When you get antibiotics for a bad cough or a skin infection, you expect the pills to work. Yet more germs are learning how to dodge those drugs, turning once routine cases into real medical headaches.
So where will the next line of defense come from? A new study suggests that part of the answer may be crawling through our lawns and kitchens: common ants. Researchers in the United States have found that several backyard species produce a mix of germ-killing chemicals, some of which can knock out a dangerous hospital fungus called Candida auris.
How ants built their own immune system
Ant colonies pack thousands of insects into tight nests, where food, soil, and bodies all mix together. That crowded life brings big benefits, but it also makes infections easy to spread, so social insects have evolved “social immunity” with special glands that coat bodies and nestmates in antimicrobial substances.
By testing how ant extracts affected different microbes, the team found signs of several distinct chemical families rather than one simple antibiotic. Over millions of years, that variety may have helped ant defenses stay effective while human drugs often start failing after just a few decades. The study was led by entomologist Clint Penick with collaborators Mary K. Chon and Darmon Kahvazadeh, supported by the Alabama Agricultural Experiment Station and described in a press release from Auburn University College of Agriculture.
Inside the ants’ chemical toolkit
For this project, the researchers focused on six ant species that are easy to find in the southeastern United States, including familiar backyard and campus pests such as fire ants. They prepared different extracts from each species using solvents that pull out either water-loving or oil-loving molecules, a simple way to separate groups of compounds with different properties.
Each extract was then tested against three broad categories of germs: Gram-positive bacteria, Gram-negative bacteria, and a fungal pathogen. The ants showed antimicrobial activity in both water-based and oil-based extracts, a result that supports the idea that they rely on several types of chemicals rather than a single wonder drug, a sort of natural “medicine cabinet” with different options on the shelf.
A new angle on hospital superbugs
The second big question was whether ants make targeted weapons for specific microbes instead of broad attacks. Lab tests showed that some ant extracts worked better against fungi and others worked better against Gram-positive or Gram-negative bacteria, pointing to compounds tuned to particular enemies and hinting at a more precise strategy.
One result stood out. In lab dishes, extracts from nearly all of the ant species tested were able to kill Candida auris, an emerging yeast that spreads easily among very sick patients in hospitals and often resists several antifungal drugs. According to CDC information on Candida auris, this pathogen can cause severe bloodstream and wound infections with high death rates, which explains why public health agencies treat it as a serious threat.

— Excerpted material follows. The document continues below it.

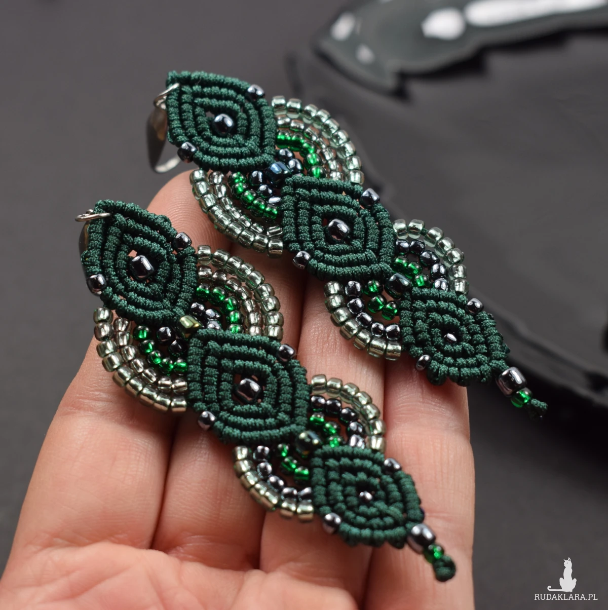 Ręcznie wykonane kolczyki stworzone techniką makramy z profesjonalnego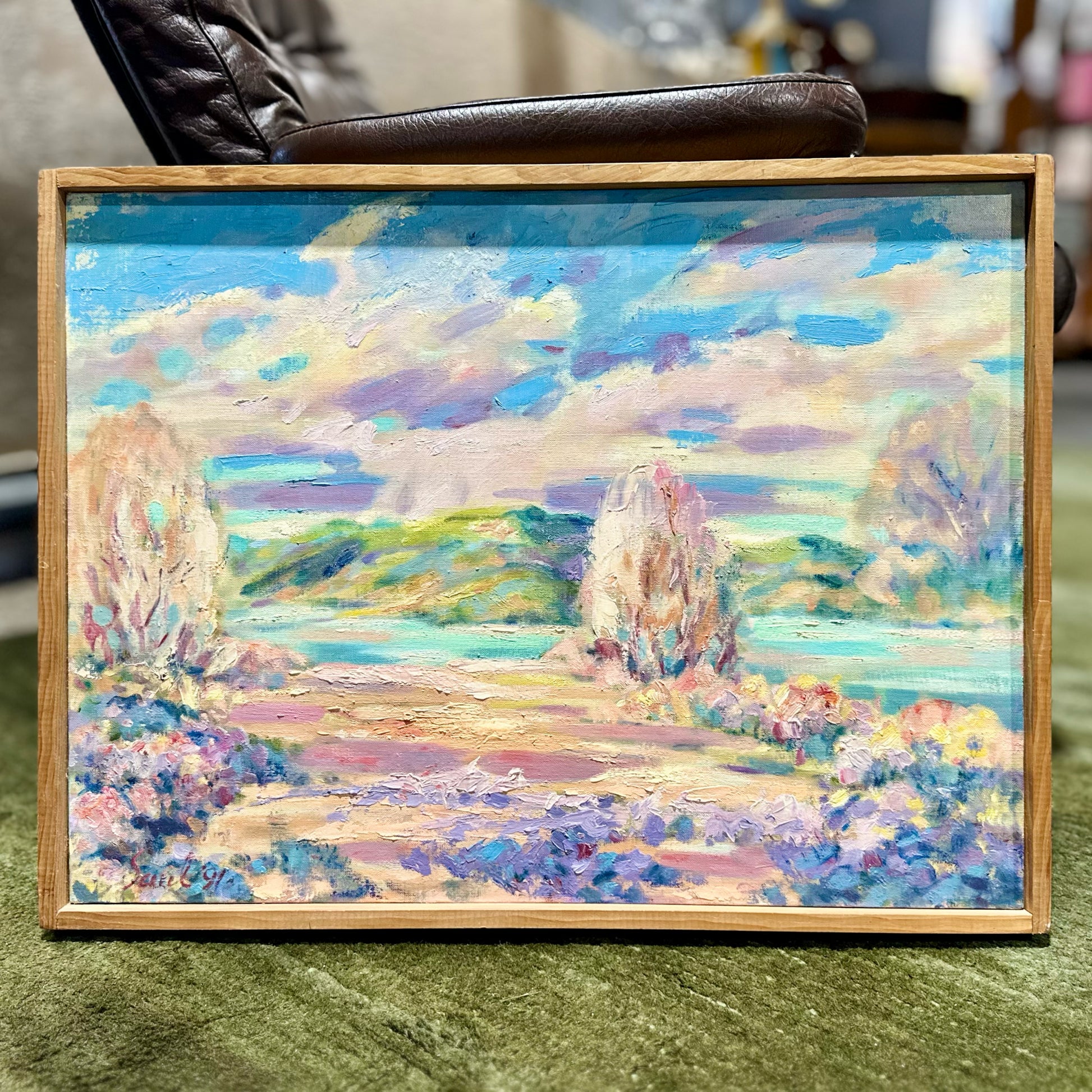 Vibrant Impressionist Style Landscape, Signed, 25" L x 1.5" W x 19" H

What this could mean for future antibiotics
Finding natural compounds that can hit such a tough hospital pathogen does not mean a new medicine is ready to prescribe. The ant extracts were tested only in controlled lab conditions, and any future drug would need years of development and safety checks before reaching patients. A recent public health report on Candida auris stressed how difficult it is to control outbreaks in health care facilities, which shows how high the bar will be for any new treatment.

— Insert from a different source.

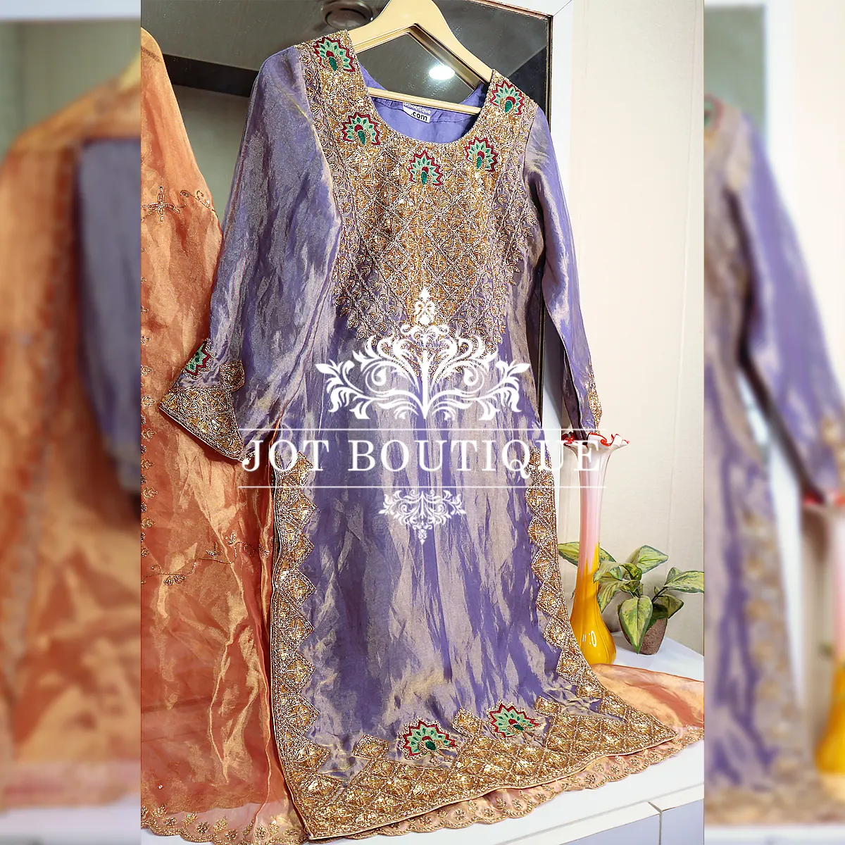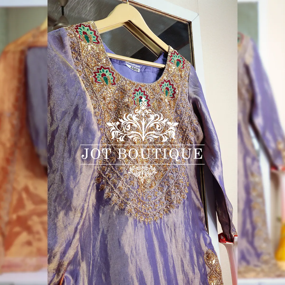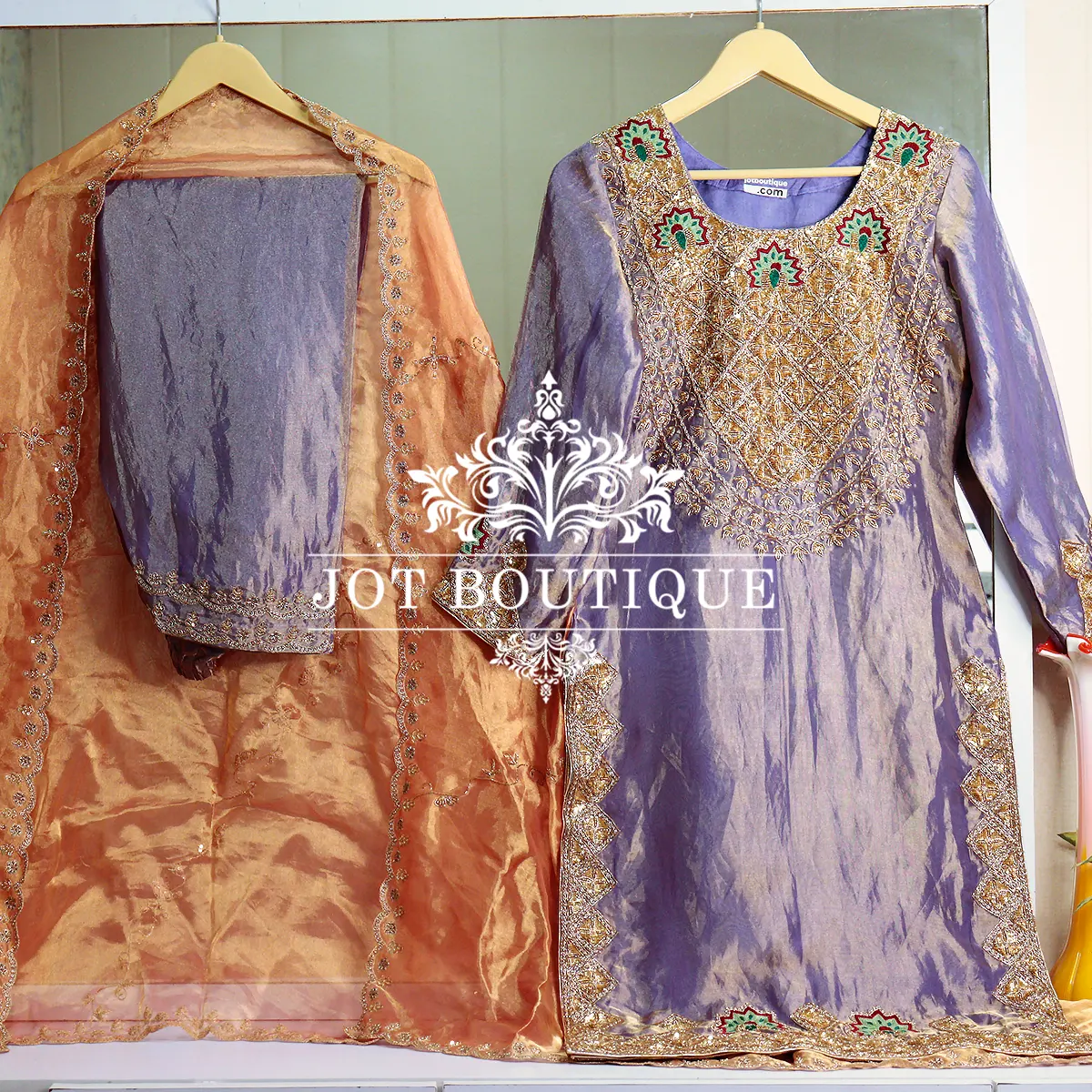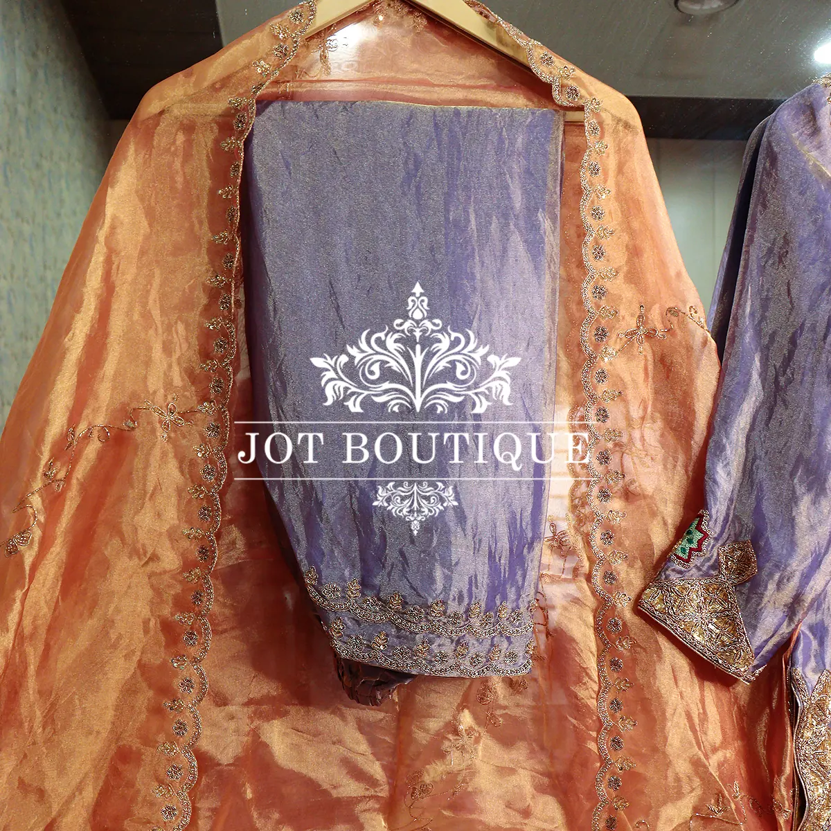 Jot Boutique presents a stunning Punjabi suit crafted with soft, premium fabric for unmatched comfort and grace. This ensemble features intricate sippi, katdana, dori, and thread work, showcasing traditional artistry with a contemporary touch.

Even so, the work offers a fresh way to think about antibiotics. Ants seem to fight disease with two linked strategies, combining a diverse mix of chemicals with compounds aimed at specific threats, and studying that system could help scientists design new drugs and smarter rules for how we use existing ones.

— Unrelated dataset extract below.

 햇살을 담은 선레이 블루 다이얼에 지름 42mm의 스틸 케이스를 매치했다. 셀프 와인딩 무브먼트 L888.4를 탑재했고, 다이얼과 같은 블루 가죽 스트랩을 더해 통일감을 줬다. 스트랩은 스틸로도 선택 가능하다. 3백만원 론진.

For families, the payoff might someday be felt in everyday moments, like a loved one leaving the hospital without a lingering fear of a drug-resistant infection, which is why Penick says ants “might hold the key to using these powerful drugs more wisely”.
The main study has been published in the Biological Journal of the Linnean Society under the title “Dual strategies in ant antimicrobial defences: evidence for chemical diversity and microbial specificity”.